- Opening Delimiter -

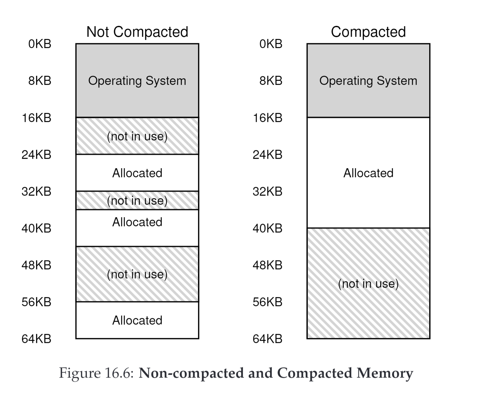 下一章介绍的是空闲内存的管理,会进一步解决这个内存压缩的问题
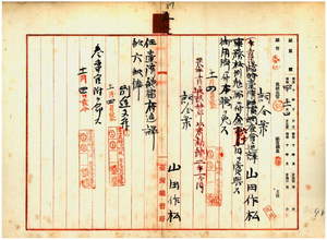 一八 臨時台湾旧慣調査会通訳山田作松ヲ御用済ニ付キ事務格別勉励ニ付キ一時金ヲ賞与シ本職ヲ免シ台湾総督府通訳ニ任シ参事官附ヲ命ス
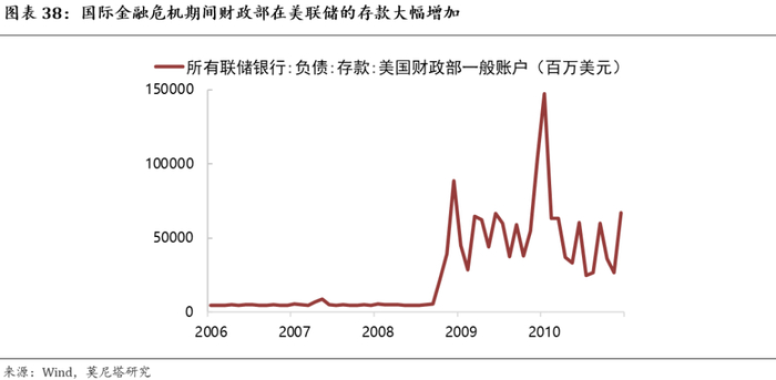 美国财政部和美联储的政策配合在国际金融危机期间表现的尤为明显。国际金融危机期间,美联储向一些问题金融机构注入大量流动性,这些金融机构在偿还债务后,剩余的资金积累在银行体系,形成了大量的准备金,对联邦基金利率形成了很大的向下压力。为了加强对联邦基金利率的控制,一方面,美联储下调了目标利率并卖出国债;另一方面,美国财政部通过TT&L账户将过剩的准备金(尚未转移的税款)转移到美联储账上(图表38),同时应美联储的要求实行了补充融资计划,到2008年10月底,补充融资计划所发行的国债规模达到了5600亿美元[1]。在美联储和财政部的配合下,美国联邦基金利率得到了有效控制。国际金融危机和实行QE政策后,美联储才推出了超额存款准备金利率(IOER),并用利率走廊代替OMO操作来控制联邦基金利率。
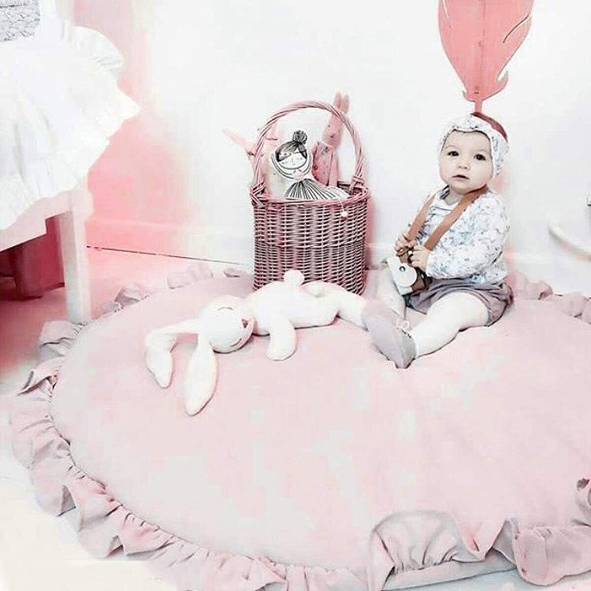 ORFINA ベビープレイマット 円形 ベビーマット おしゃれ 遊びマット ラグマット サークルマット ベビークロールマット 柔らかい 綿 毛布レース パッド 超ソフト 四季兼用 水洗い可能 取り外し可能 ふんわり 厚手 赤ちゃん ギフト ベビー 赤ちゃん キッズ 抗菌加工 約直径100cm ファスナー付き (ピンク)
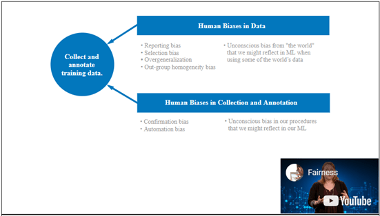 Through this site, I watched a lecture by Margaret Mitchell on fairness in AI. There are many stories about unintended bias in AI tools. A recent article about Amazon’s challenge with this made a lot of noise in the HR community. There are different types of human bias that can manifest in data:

- Closing Delimiter -

_EXERCISE_
Since the pictures are not wanted, transcribe the rest of the listing above exactly.

_SOLUTION FOR THIS PROBLEM_
 下一章介绍的是空闲内存的管理,会进一步解决这个内存压缩的问题
 一八 臨時台湾旧慣調査会通訳山田作松ヲ御用済ニ付キ事務格別勉励ニ付キ一時金ヲ賞与シ本職ヲ免シ台湾総督府通訳ニ任シ参事官附ヲ命ス
 美国财政部和美联储的政策配合在国际金融危机期间表现的尤为明显。国际金融危机期间,美联储向一些问题金融机构注入大量流动性,这些金融机构在偿还债务后,剩余的资金积累在银行体系,形成了大量的准备金,对联邦基金利率形成了很大的向下压力。为了加强对联邦基金利率的控制,一方面,美联储下调了目标利率并卖出国债;另一方面,美国财政部通过TT&L账户将过剩的准备金(尚未转移的税款)转移到美联储账上(图表38),同时应美联储的要求实行了补充融资计划,到2008年10月底,补充融资计划所发行的国债规模达到了5600亿美元[1]。在美联储和财政部的配合下,美国联邦基金利率得到了有效控制。国际金融危机和实行QE政策后,美联储才推出了超额存款准备金利率(IOER),并用利率走廊代替OMO操作来控制联邦基金利率。
 ORFINA ベビープレイマット 円形 ベビーマット おしゃれ 遊びマット ラグマット サークルマット ベビークロールマット 柔らかい 綿 毛布レース パッド 超ソフト 四季兼用 水洗い可能 取り外し可能 ふんわり 厚手 赤ちゃん ギフト ベビー 赤ちゃん キッズ 抗菌加工 約直径100cm ファスナー付き (ピンク)
 Through this site, I watched a lecture by Margaret Mitchell on fairness in AI. There are many stories about unintended bias in AI tools. A recent article about Amazon’s challenge with this made a lot of noise in the HR community. There are different types of human bias that can manifest in data:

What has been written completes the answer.